Below is the explain result

+----+-------------+-----------------+------------+-------------+--------------------------------------------------------------------------------------------------------------------------------------+-------------------------------------------------------------------------+---------+---------------------------------+---------+----------+----------------------------------------------------------------------------------------------------------------------------------------+
| id | select_type | table | partitions | type | possible_keys | key | key_len | ref | rows | filtered | Extra |
+----+-------------+-----------------+------------+-------------+--------------------------------------------------------------------------------------------------------------------------------------+-------------------------------------------------------------------------+---------+---------------------------------+---------+----------+----------------------------------------------------------------------------------------------------------------------------------------+
| 1 | SIMPLE | user_orders | NULL | index_merge | index_user_orders_on_state,index_user_orders_on_type,index_user_orders_on_portfolio_id,index_order_trigger_date_on_admin_user_orders | index_user_orders_on_type,index_order_trigger_date_on_admin_user_orders | 513,6 | NULL | 3100629 | 66.09 | Using intersect(index_user_orders_on_type,index_order_trigger_date_on_admin_user_orders); Using where; Using temporary; Using filesort |
| 1 | SIMPLE | user_portfolios | NULL | eq_ref | PRIMARY,index_state_on_user_portfolios | PRIMARY | 8 | mydb.user_orders.portfolio_id | 1 | 50.0 | Using where |
+----+-------------+-----------------+------------+-------------+--------------------------------------------------------------------------------------------------------------------------------------+-------------------------------------------------------------------------+---------+---------------------------------+---------+----------+----------------------------------------------------------------------------------------------------------------------------------------+

Can anyone suggest me any ways to optimize the above query? What are the alternative methods/ways I can use to fetch this data in faster manner?

Be

Question 2

What does the EXPLAIN ANALYZE say?

Question 3

We have proper indexes in both the tables

In my experience I have never seen MySQL using more than one index per table , so you need a multicolumn index in this case.

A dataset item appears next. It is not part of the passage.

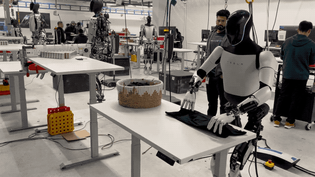 2024 年 1 月,马斯克在 X 上发了段 Optimus 叠衣服的视频,配文「Optimus 会叠衬衫了」。视频里机器人从篮子里取出 T 恤,在桌面慢慢折叠整齐,看起来动作流畅。
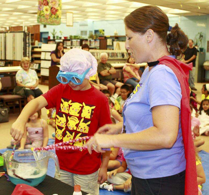Cody Kurczeski of Catasauqua helps Ms. Cathy during a Super Science Amazing Art presentation last month at the Whitehall Township Public Library. Cody, along with the other children present, learned how to make different shapes and sizes of bubbles using soap and water.

Add the following indexes, try again the query and see the execution plan.

user_orders

alter table user_orders 
 add index pid_tp_ortridt_st (portfolio_id,type,order_trigger_date,state) ;

user_portfolios

alter table user_portfolios 
 add index id_st (id,state) ;

See Multiple-Column Indexes

Question 4

It's a nasty. You are filtering on two tables, and the main table needs a two-dimensional index (which does not exist).

I suggest these as possibly helping:

user_orders: INDEX(type, state, order_trigger_date, portfolio_id)
user_orders: INDEX(type, order_trigger_date, portfolio_id, state)
user_portfolios: INDEX(state, id)

You could try this reformulation, too:

SELECT uo.portfolio_id, min(uo.order_trigger_date) as order_trigger_date
 FROM `user_orders` AS uo `user_portfolios` AS up ON up.`id` = uo.`portfolio_id`
 WHERE uo.`state` IN ( 'executed_success', 
 'executed_failure',
 'placed_failure' 
 )
 AND uo.`type` = 'buy'
 AND uo.`order_trigger_date` BETWEEN '1969-12-31 18:30:00' AND '2023-12-15 18:29:59'
 AND up.`state` = 'active'
 AND EXISTS ( SELECT 1
 FROM `user_portfolios` AS up
 WHERE up.`id` = uo.`portfolio_id` 
 )
 GROUP BY uo.`portfolio_id`

The following won't change speed, but makes more sense:

 AND `order_trigger_date` BETWEEN '1969-12-31 18:30:00'
 AND '2023-12-15 18:29:59'

-->

 AND `order_trigger_date` < '2023-12-15 18:29:59'

That looks like it is "all dates", in which case remove that part of the WHERE clause to make any SELECT variant run faster. If date range comes from user input, build the WHERE clause on the fly to avoid kludges like that BETWEEN.

Ergest Basha Ergest Basha 5,3693 gold badges8 silver badges22 bronze badges · Answer 1 · 2024-01-27 16:36:36Z

We have proper indexes in both the tables

In my experience I have never seen MySQL using more than one index per table , so you need a multicolumn index in this case.

Add the following indexes, try again the query and see the execution plan.

user_orders

alter table user_orders 
 add index pid_tp_ortridt_st (portfolio_id,type,order_trigger_date,state) ;

user_portfolios

alter table user_portfolios 
 add index id_st (id,state) ;

See Multiple-Column Indexes

Rick James Rick James 80.7k5 gold badges52 silver badges119 bronze badges · Answer 2 · 2024-01-28 01:33:56Z

It's a nasty. You are filtering on two tables, and the main table needs a two-dimensional index (which does not exist).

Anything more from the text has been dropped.